Enable PEFT / LoRA for decoder models >1B. LoraConfig(r=64, lora_alpha=128, task_type="FEATURE_EXTRACTION"). See ../scripts/train_sentence_transformer_with_lora_example.py (docstring covers when to use, hyperparams, QLoRA, sharing).
Move to multi-GPU. See below.
Shorten sequences. If truncating to 128 is already sufficient for your task, set max_seq_length on the transformer module.

Multi-GPU

sentence-transformers uses accelerate under the hood. Distributed training works without code changes.

Data parallel (DDP)

Launch:

bash

accelerate launch train.py

# or explicitly:
accelerate launch --multi_gpu --num_processes=4 train.py

per_device_train_batch_size stays per-GPU. Effective batch size scales linearly. MNRL's in-batch negatives remain per-device, not global, unless you pass gather_across_devices=True to losses that support it (MultipleNegativesRankingLoss, CachedMultipleNegativesRankingLoss, the symmetric variants, GISTEmbedLoss, CachedGISTEmbedLoss, SparseMultipleNegativesRankingLoss).

FSDP / DeepSpeed

For models >3B, use accelerate config to enable FSDP or DeepSpeed ZeRO. Both are supported — sentence-transformers doesn't require any code changes, only the launch config.

bash

accelerate config                   # interactive; choose FSDP or DeepSpeed
accelerate launch train.py

With FSDP full-shard: a 7B model trains on 4×24GB GPUs that would OOM on any single one of them.

FSDP caveats (from the distributed training docs):

Evaluators don't run under FSDP as of writing — the eval hooks call model.encode() which FSDP-wrapped modules can't service mid-training.

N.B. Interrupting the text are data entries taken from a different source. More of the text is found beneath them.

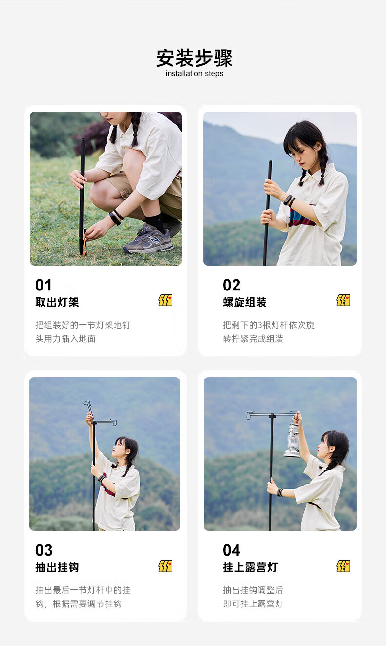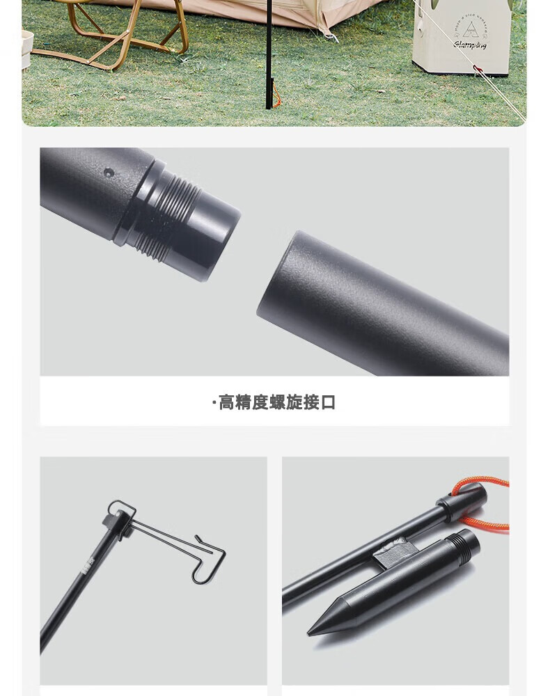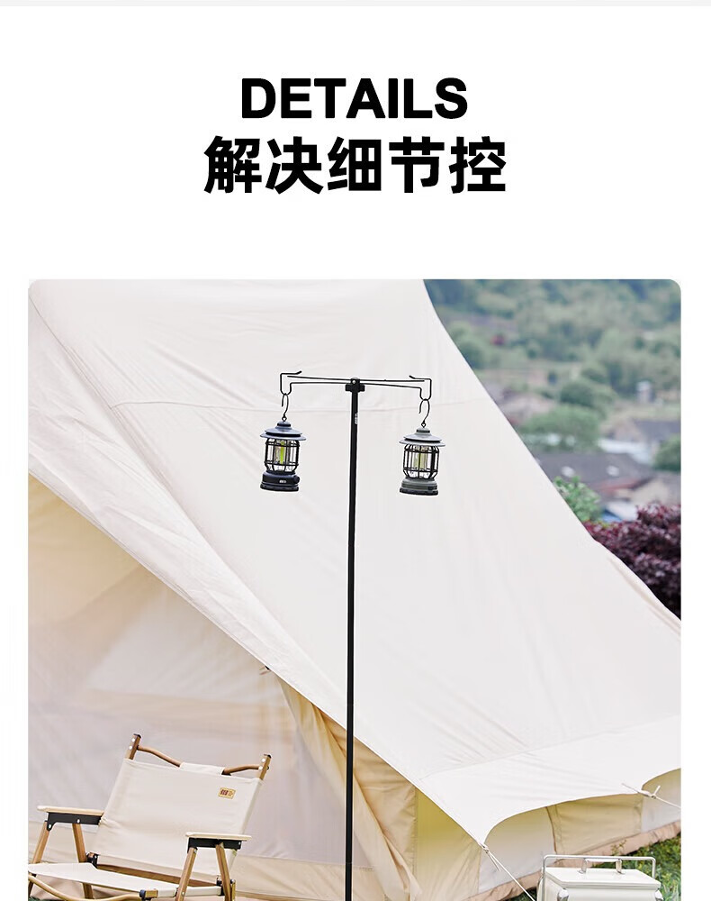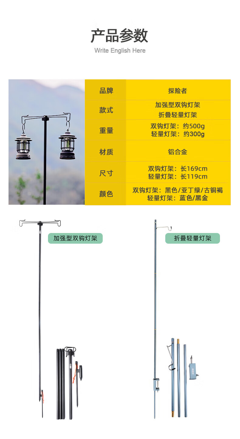 探险者户外露营灯架灯杆支架户外灯架杆折叠露营灯野营置物架 双沟桌面款+曜石黑灯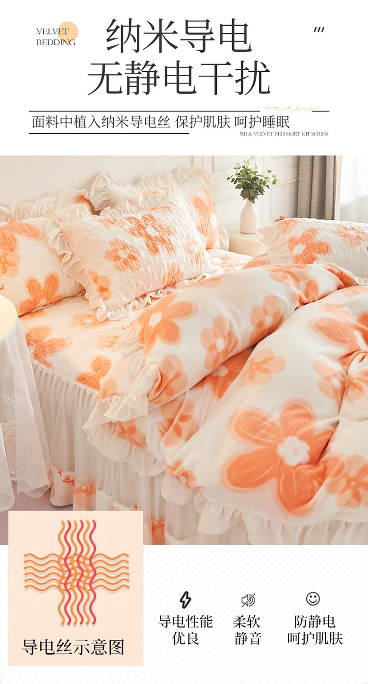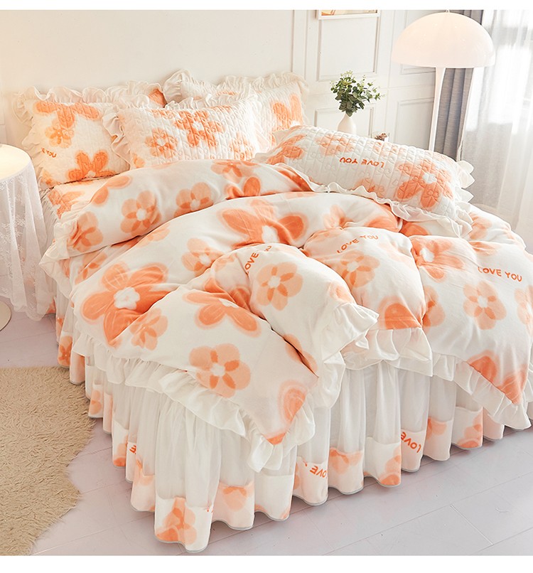 宜凡2022新款A类牛奶绒印花床裙四件套 陌颜花恋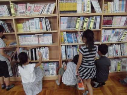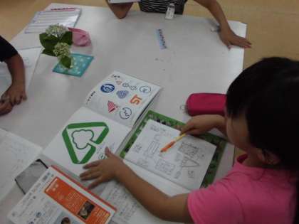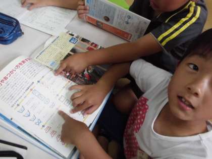 記号を調べています。記号のことが載っている本はどこかな?おうちでも,いろいろなマークをたくさん見つけてくださいね。

Plan to evaluate post-training on a single-GPU load of the final checkpoint instead, or train with DDP if you need mid-training evaluation.
Layer wrapping must be specified, e.g. fsdp_config={"transformer_layer_cls_to_wrap": "BertLayer"} (substitute the right layer class for your model: BertLayer, LlamaDecoderLayer, Qwen2DecoderLayer, etc.). Without this FSDP sharding can silently misbehave.
Slower than DDP for models that fit on a single GPU — only reach for FSDP when you actually need the memory savings.

DeepSpeed ZeRO-2/3 is an alternative with its own config; works identically at the accelerate config level.

Effective batch size for contrastive losses

For MultipleNegativesRankingLoss and its variants, batch size is a quality knob, not just a speed knob. Bigger batches = more in-batch negatives = richer gradients.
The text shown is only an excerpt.